Problem to work on:
Repeat every line of the listing below exactly, minus the pictures.

Raw data:
▬▬▬

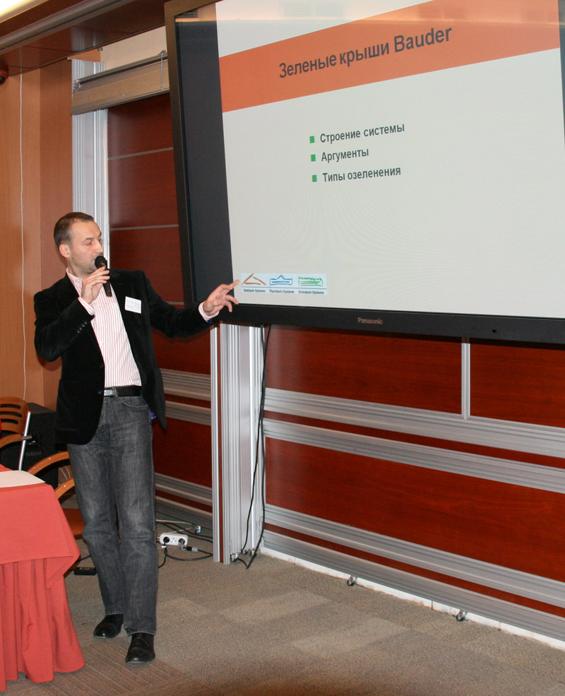 Выступление Ивана Тирского, представителя интернациональной компании «Logtechgroup»Европейскими производителями материалов для систем озеленения кровель накоплен богатый практический опыт, заложенный в основу их разработок. Все они готовы к активному сотрудничеству со своими российскими коллегами.
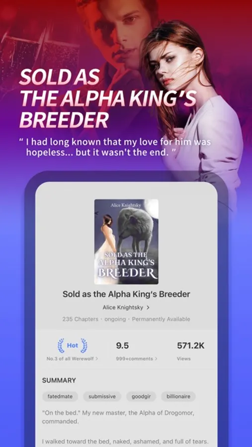 Storysome is a romantic world where you can dive in thousands of attractive werewolf stories and romance stories. Are you a fan of alpha and mated werewolves? Billionaire CEOs? Bossy bad boys? You should really have a try now!
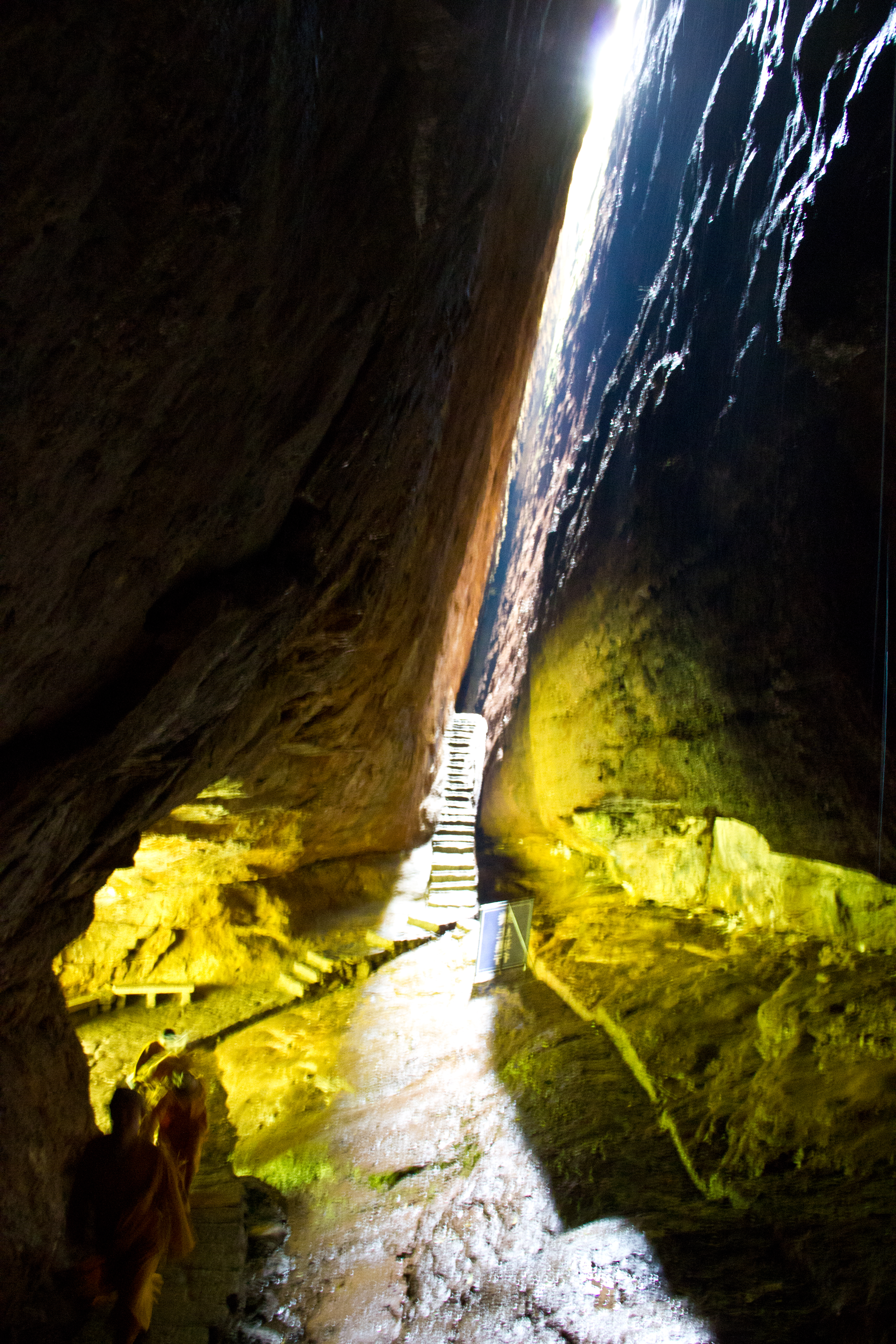 Xianyang Peak is the highest peak in the Wuyi Mountain tea region, at 717.7 meters, and is a bizarre three-peaked formation. All three peaks of Yangfeng face east, with the highest being Great Yang (Chinese: 大仰, pinyin: Dàyǎng), the second highest being Middle Yang (Chinese: 中仰, pinyin: Zhōng yǎng), and the third highest being Lesser Yang (Chinese: 小仰, pinyin: Xiǎo yǎng). Many people, looking at Xianyang Peak, see them as images of horses rushing up into the sky. There are many scenic spots on Xianyang Peak. Of particular interest is the Bixiao Cave (Chinese: 碧霄洞, pinyin: Bìxiāo dòng), literally meaning "blue sky cave", four or five feet deep and two or three feet high.
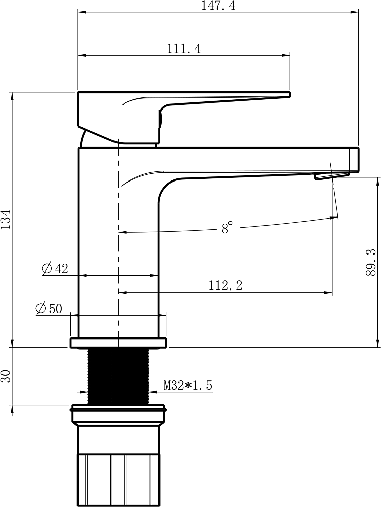 - Высота излива: 8.9 см

▬▬▬

Response box:
 Выступление Ивана Тирского, представителя интернациональной компании «Logtechgroup»Европейскими производителями материалов для систем озеленения кровель накоплен богатый практический опыт, заложенный в основу их разработок. Все они готовы к активному сотрудничеству со своими российскими коллегами.
 Storysome is a romantic world where you can dive in thousands of attractive werewolf stories and romance stories. Are you a fan of alpha and mated werewolves? Billionaire CEOs? Bossy bad boys? You should really have a try now!
 Xianyang Peak is the highest peak in the Wuyi Mountain tea region, at 717.7 meters, and is a bizarre three-peaked formation. All three peaks of Yangfeng face east, with the highest being Great Yang (Chinese: 大仰, pinyin: Dàyǎng), the second highest being Middle Yang (Chinese: 中仰, pinyin: Zhōng yǎng), and the third highest being Lesser Yang (Chinese: 小仰, pinyin: Xiǎo yǎng). Many people, looking at Xianyang Peak, see them as images of horses rushing up into the sky. There are many scenic spots on Xianyang Peak. Of particular interest is the Bixiao Cave (Chinese: 碧霄洞, pinyin: Bìxiāo dòng), literally meaning "blue sky cave", four or five feet deep and two or three feet high.
 - Высота излива: 8.9 см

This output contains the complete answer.